The bench also pointed out to the manner in which the high court had applied the principle of parity in granting bail to some of these accused.
“Parity while granting bail must focus upon role of the accused. Merely observing that another accused who was granted bail was armed with a similar weapon is not sufficient to determine whether a case for the grant of bail on the basis of parity has been established,” it said.
The bench said in deciding the aspect of parity, the role attached to the accused, their position in relation to the incident and to the victims is of utmost importance.

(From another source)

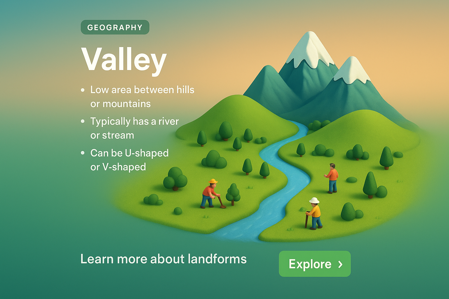 3D Illustration of a Serene Valley Landscape with Feature Block

In this case, the High Court while granting bail, observed that the order would not be treated as precedent in any other case on grounds of parity. Disapproving this, the bench said:
"We are left unimpressed with and disapprove of the above observation of the Single Judge. Whether parity can be claimed by any other accused on the basis of the order granting bail to A-13 ought not to have been pre-judged by the Single Judge who was dealing only with the application for the grant of bail to A-13. The observation that the grant of bail to A-13 shall not be considered as a precedent for any other person who is accused in the FIR on grounds of parity does not constitute judicially appropriate reasoning. Whether an order granting a bail is a precedent on grounds of parity is a matter for future adjudication if and when an application for bail is moved on the grounds of parity on behalf of another accused. In the event that parity is claimed in such a case thereafter, it is for that court before whom parity is claimed to determine whether a case for the grant of bail on reasons of parity is made out. In other words, the observations of the Single Judge which have been noticed above are inappropriate and erroneous."